(612f) Robust and Spectrally Selective Aerogels for Next-Generation Concentrated Solar Thermal Conversion

Although silica aerogels have led to improvements in solar collection efficiency at low to intermediate temperatures, they are plagued by low efficiency and performance degradation at temperatures necessary for next-generation concentrated solar thermal (CST) plants (>700 °C). The low efficiency of silica aerogels at high temperatures is a result of large thermal re-radiative losses through their infrared transparency window between 3 – 5 microns. Furthermore, previous work shows that exposure to such temperatures decreases the spectral selectivity (i.e. increased infrared transparency) and increases thermal conductivity of silica aerogels resulting in even lower receiver efficiency. Here, we investigate multicomponent aerogels which exhibit increased spectral selectivity and mitigate performance degradation at 700 °C. Specifically, we stabilize the aerogels at elevated temperatures by applying an ultrathin coating of solar-transparent refractory oxides via atomic layer deposition (ALD). Interestingly, our multicomponent aerogels absorb strongly within the aerogel’s infrared transparency window, leading to >50% reduction in thermal losses at 700 °C without sacrificing high solar transmission. We characterize the effects of the ALD coating on the optical and thermal properties of the aerogels using UV-Vis-NIR, ellipsometry, FTIR, and hot-disk techniques.
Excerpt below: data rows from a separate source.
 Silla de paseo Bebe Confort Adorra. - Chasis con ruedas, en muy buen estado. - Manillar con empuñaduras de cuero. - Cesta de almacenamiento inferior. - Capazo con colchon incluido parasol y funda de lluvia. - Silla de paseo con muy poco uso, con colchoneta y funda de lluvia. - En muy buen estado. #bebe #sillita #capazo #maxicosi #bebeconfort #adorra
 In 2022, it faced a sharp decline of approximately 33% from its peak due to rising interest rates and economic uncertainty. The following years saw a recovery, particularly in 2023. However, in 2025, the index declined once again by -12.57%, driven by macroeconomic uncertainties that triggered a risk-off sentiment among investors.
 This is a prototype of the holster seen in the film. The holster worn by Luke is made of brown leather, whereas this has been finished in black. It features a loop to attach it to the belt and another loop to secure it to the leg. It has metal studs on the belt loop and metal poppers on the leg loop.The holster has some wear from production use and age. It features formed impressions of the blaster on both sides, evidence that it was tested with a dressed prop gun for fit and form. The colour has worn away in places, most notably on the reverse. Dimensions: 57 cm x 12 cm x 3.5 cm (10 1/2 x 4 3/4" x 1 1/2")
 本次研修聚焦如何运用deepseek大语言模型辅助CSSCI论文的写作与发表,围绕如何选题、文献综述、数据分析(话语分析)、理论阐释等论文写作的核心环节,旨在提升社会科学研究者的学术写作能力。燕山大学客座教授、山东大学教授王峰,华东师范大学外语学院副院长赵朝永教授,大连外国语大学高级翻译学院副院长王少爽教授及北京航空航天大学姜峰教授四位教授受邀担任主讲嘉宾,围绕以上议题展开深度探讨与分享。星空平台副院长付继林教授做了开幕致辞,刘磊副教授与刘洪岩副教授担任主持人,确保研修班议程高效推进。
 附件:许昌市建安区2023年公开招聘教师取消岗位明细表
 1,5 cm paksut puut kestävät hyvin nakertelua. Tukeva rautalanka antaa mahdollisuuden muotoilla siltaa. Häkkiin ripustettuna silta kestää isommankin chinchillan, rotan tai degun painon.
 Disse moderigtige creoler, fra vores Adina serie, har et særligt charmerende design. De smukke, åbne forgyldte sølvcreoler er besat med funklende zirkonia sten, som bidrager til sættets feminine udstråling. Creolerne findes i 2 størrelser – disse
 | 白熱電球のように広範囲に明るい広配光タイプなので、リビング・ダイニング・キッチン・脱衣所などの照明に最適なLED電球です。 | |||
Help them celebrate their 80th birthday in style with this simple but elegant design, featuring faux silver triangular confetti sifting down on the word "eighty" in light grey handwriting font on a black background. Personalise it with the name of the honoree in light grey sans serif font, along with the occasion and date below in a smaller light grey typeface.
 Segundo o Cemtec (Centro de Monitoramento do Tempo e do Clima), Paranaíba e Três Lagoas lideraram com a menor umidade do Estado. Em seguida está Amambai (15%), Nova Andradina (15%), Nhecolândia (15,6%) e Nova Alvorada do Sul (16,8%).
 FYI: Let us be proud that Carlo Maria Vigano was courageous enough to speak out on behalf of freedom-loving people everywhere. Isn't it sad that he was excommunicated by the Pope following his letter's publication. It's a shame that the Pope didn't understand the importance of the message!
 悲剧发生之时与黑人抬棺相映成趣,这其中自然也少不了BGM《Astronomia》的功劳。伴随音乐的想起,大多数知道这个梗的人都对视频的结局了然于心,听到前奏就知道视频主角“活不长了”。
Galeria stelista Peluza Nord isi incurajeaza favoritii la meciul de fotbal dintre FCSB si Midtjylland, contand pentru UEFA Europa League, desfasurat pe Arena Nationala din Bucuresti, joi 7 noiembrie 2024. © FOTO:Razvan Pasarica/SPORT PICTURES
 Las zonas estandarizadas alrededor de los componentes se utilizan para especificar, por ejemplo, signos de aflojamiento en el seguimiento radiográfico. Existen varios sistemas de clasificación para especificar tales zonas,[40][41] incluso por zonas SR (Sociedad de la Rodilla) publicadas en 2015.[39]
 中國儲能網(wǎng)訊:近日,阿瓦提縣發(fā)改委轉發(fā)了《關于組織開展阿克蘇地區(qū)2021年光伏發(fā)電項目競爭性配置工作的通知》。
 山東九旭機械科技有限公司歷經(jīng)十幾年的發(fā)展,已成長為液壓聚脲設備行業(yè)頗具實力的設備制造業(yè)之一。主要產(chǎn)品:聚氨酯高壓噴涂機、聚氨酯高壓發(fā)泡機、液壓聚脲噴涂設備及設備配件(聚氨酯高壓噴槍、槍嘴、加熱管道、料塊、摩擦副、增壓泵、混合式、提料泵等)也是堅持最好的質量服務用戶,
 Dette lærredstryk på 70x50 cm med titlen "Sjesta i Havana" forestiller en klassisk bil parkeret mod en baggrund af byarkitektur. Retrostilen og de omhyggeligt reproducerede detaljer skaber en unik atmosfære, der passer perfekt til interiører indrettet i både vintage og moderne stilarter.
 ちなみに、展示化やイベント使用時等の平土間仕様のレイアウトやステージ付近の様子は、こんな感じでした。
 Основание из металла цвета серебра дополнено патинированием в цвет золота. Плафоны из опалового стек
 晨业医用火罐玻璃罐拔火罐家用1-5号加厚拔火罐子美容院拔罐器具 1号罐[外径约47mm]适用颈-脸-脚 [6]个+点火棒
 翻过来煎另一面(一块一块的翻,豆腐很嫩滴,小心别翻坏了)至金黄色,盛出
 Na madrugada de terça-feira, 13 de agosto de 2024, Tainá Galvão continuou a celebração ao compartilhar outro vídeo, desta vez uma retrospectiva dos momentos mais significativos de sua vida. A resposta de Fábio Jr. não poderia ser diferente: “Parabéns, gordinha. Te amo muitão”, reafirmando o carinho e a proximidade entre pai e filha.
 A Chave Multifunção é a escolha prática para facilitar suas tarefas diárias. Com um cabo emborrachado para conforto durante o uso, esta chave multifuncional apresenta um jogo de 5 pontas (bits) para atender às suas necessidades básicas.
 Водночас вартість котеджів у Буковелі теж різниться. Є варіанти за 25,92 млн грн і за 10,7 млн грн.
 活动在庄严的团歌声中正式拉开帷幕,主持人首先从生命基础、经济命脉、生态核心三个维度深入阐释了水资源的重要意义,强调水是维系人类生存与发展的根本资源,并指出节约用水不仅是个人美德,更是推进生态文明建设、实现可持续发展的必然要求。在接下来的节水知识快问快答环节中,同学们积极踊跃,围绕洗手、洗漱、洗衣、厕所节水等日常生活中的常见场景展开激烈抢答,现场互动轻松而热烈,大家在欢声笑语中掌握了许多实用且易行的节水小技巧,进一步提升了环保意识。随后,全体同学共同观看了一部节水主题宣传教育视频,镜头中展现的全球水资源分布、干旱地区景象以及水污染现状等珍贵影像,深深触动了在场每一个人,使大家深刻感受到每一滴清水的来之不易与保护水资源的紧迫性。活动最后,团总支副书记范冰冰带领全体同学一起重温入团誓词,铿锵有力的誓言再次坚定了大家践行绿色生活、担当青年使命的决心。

Additionally, we report on our methods to develop a uniform and conformal ALD coating by modeling the diffusion and reactant requirements of ALD on aerogels. Lastly, we compare the experimentally determined receiver efficiencies with our simulations of coupled radiative and conductive heat transfer. Our results reveal that ultrathin, conformal ALD coatings not only slow down the rate of efficiency degradation, but significantly improve the performance of aerogels in high temperature CST solar receivers.